Among the entries below, one stretch runs from the line that contains "最近BIG积分兑换 10point 吉隆坡-澳门" through the line that contains "des Garçons Homme.". Repeat that stretch exactly, ends included, and only that.

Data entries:
################

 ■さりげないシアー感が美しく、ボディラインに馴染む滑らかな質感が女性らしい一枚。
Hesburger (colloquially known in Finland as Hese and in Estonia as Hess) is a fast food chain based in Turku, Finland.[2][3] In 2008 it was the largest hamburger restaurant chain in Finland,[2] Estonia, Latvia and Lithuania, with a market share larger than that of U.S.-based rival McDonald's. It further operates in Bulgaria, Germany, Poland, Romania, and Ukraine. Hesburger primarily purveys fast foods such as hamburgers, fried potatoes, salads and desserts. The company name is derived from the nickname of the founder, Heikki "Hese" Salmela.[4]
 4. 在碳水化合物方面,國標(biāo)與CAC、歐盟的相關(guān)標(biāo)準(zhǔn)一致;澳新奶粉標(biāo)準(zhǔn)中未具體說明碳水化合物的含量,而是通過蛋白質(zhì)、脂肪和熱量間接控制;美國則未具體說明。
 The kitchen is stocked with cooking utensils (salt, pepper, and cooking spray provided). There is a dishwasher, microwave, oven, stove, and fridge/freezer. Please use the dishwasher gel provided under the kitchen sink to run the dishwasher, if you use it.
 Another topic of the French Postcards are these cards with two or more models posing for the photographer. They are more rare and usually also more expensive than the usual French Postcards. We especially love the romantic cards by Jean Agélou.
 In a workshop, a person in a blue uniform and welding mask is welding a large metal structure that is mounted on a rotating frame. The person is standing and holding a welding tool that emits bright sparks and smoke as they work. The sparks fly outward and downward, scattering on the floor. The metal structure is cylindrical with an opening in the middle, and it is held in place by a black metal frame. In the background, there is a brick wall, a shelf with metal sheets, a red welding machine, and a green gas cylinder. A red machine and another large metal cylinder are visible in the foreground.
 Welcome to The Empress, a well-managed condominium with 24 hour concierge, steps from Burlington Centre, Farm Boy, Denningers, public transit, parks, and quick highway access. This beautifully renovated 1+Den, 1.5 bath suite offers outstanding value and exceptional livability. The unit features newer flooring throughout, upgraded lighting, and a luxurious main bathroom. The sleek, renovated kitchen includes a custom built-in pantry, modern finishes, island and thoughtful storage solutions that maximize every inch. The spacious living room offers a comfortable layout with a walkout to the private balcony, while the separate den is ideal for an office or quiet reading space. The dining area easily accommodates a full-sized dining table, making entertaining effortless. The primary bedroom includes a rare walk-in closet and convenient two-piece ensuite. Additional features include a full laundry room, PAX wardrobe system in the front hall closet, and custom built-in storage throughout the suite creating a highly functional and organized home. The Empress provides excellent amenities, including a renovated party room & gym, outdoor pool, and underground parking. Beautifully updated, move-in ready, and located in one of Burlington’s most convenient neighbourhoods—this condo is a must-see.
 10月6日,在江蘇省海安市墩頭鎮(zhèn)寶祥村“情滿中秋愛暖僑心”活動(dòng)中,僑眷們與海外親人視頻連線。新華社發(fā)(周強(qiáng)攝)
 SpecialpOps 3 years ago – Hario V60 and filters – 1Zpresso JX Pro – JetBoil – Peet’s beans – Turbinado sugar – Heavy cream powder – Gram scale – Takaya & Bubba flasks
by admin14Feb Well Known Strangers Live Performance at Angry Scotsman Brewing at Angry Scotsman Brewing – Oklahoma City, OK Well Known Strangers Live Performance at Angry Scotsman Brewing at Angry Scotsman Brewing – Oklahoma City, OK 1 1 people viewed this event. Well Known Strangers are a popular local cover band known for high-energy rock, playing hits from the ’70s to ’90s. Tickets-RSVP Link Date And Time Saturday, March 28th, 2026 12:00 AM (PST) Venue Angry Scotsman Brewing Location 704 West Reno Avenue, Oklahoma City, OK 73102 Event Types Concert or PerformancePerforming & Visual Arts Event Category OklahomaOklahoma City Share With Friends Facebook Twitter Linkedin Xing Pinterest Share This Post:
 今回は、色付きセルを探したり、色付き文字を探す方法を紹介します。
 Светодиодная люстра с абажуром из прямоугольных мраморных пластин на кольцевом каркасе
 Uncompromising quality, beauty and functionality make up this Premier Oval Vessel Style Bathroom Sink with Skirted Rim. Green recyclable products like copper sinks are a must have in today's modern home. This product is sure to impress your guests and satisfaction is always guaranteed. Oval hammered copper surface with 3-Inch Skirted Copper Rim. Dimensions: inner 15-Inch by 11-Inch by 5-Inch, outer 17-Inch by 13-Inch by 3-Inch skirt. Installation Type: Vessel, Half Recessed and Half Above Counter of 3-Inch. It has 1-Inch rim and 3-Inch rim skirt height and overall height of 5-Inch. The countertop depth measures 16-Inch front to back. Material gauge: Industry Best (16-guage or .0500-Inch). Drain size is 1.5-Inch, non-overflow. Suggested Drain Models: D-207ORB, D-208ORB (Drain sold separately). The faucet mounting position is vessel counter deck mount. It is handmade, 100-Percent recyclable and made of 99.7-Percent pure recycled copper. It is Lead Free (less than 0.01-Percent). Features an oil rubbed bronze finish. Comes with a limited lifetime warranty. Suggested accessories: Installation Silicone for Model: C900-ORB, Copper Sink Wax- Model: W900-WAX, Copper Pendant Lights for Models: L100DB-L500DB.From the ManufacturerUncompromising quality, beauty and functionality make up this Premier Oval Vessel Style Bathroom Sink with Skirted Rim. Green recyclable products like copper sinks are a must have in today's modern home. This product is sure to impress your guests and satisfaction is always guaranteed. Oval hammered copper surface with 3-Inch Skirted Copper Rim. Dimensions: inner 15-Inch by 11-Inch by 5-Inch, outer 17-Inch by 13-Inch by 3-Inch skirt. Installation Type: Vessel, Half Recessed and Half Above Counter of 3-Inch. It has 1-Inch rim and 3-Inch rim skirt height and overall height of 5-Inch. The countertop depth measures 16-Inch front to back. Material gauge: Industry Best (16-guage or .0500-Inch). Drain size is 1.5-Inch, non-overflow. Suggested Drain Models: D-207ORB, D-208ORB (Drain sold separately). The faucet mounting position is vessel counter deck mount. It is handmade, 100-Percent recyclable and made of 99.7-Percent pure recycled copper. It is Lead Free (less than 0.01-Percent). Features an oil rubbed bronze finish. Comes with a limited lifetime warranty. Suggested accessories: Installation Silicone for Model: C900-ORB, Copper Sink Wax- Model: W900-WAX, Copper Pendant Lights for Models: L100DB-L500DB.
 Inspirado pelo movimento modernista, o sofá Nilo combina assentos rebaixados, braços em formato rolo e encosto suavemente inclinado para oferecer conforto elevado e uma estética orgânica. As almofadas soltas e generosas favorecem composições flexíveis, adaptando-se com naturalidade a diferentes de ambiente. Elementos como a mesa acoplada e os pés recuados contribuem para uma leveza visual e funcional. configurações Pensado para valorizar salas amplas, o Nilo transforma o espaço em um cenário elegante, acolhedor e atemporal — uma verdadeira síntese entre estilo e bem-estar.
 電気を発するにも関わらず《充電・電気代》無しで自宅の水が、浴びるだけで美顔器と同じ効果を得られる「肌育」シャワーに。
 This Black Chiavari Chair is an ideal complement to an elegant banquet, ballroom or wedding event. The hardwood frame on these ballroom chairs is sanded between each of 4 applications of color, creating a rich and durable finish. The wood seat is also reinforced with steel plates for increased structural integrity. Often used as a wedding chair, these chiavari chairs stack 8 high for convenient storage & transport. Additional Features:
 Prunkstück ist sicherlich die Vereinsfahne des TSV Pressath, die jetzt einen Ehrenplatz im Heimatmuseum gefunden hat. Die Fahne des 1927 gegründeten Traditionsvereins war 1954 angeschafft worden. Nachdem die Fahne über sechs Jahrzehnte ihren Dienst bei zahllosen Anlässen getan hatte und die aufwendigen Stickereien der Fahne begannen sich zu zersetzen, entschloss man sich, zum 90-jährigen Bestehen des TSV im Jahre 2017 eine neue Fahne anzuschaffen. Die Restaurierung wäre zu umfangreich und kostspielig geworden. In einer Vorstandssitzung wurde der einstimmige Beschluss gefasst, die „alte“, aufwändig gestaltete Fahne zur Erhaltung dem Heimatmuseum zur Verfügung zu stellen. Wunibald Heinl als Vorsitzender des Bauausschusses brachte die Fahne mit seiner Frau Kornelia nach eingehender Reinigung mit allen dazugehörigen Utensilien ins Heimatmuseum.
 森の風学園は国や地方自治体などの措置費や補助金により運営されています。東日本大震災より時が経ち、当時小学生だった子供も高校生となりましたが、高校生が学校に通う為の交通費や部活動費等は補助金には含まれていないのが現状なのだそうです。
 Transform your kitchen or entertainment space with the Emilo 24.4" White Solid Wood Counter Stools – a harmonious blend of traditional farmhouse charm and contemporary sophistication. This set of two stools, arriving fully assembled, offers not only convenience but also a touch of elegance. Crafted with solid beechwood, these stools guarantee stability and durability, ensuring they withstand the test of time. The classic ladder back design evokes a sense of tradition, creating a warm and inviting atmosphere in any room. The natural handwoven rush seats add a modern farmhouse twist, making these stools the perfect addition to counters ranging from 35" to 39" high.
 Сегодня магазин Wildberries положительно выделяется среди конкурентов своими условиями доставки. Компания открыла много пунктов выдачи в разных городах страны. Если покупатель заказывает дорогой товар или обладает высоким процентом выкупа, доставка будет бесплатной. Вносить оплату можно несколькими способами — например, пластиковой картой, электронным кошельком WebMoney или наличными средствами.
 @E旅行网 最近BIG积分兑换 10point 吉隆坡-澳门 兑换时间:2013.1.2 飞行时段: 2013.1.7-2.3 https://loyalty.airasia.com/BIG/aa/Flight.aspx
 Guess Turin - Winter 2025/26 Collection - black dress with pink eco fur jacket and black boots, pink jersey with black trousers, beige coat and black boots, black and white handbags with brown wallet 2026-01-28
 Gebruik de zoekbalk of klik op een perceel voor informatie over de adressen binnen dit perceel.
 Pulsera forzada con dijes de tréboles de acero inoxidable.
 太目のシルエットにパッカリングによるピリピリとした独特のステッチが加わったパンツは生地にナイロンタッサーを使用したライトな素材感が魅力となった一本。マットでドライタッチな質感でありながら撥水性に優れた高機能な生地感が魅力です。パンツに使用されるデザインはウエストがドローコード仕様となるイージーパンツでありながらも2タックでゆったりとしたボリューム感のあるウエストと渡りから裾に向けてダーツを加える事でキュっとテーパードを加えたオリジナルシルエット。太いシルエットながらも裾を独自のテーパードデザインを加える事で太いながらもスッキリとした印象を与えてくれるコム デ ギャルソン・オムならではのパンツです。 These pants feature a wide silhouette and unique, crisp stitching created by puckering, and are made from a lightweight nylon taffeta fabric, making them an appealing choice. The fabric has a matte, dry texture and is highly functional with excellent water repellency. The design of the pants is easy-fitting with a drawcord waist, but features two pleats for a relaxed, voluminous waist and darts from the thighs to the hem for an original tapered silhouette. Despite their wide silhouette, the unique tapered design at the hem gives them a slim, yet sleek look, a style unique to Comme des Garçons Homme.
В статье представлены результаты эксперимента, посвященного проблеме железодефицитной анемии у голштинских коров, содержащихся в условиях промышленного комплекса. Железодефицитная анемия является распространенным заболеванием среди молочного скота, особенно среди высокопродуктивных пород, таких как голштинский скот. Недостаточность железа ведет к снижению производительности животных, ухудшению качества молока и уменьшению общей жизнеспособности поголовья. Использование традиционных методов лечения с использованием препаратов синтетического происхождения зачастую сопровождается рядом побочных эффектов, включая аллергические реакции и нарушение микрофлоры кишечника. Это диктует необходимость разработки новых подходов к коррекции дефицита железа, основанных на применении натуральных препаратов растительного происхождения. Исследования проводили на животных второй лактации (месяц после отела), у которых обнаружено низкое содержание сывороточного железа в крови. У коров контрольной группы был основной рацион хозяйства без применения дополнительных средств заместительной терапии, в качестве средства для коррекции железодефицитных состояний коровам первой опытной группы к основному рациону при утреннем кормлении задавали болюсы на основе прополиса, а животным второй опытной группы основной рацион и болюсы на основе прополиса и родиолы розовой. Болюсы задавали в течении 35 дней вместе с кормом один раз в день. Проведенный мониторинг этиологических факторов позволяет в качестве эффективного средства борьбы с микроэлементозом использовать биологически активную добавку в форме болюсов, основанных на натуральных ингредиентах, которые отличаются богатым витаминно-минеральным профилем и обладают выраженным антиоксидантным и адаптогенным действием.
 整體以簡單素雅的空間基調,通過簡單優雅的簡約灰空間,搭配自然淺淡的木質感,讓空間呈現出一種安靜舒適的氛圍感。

################

Reply:
 @E旅行网 最近BIG积分兑换 10point 吉隆坡-澳门 兑换时间:2013.1.2 飞行时段: 2013.1.7-2.3 https://loyalty.airasia.com/BIG/aa/Flight.aspx
 Guess Turin - Winter 2025/26 Collection - black dress with pink eco fur jacket and black boots, pink jersey with black trousers, beige coat and black boots, black and white handbags with brown wallet 2026-01-28
 Gebruik de zoekbalk of klik op een perceel voor informatie over de adressen binnen dit perceel.
 Pulsera forzada con dijes de tréboles de acero inoxidable.
 太目のシルエットにパッカリングによるピリピリとした独特のステッチが加わったパンツは生地にナイロンタッサーを使用したライトな素材感が魅力となった一本。マットでドライタッチな質感でありながら撥水性に優れた高機能な生地感が魅力です。パンツに使用されるデザインはウエストがドローコード仕様となるイージーパンツでありながらも2タックでゆったりとしたボリューム感のあるウエストと渡りから裾に向けてダーツを加える事でキュっとテーパードを加えたオリジナルシルエット。太いシルエットながらも裾を独自のテーパードデザインを加える事で太いながらもスッキリとした印象を与えてくれるコム デ ギャルソン・オムならではのパンツです。 These pants feature a wide silhouette and unique, crisp stitching created by puckering, and are made from a lightweight nylon taffeta fabric, making them an appealing choice. The fabric has a matte, dry texture and is highly functional with excellent water repellency. The design of the pants is easy-fitting with a drawcord waist, but features two pleats for a relaxed, voluminous waist and darts from the thighs to the hem for an original tapered silhouette. Despite their wide silhouette, the unique tapered design at the hem gives them a slim, yet sleek look, a style unique to Comme des Garçons Homme.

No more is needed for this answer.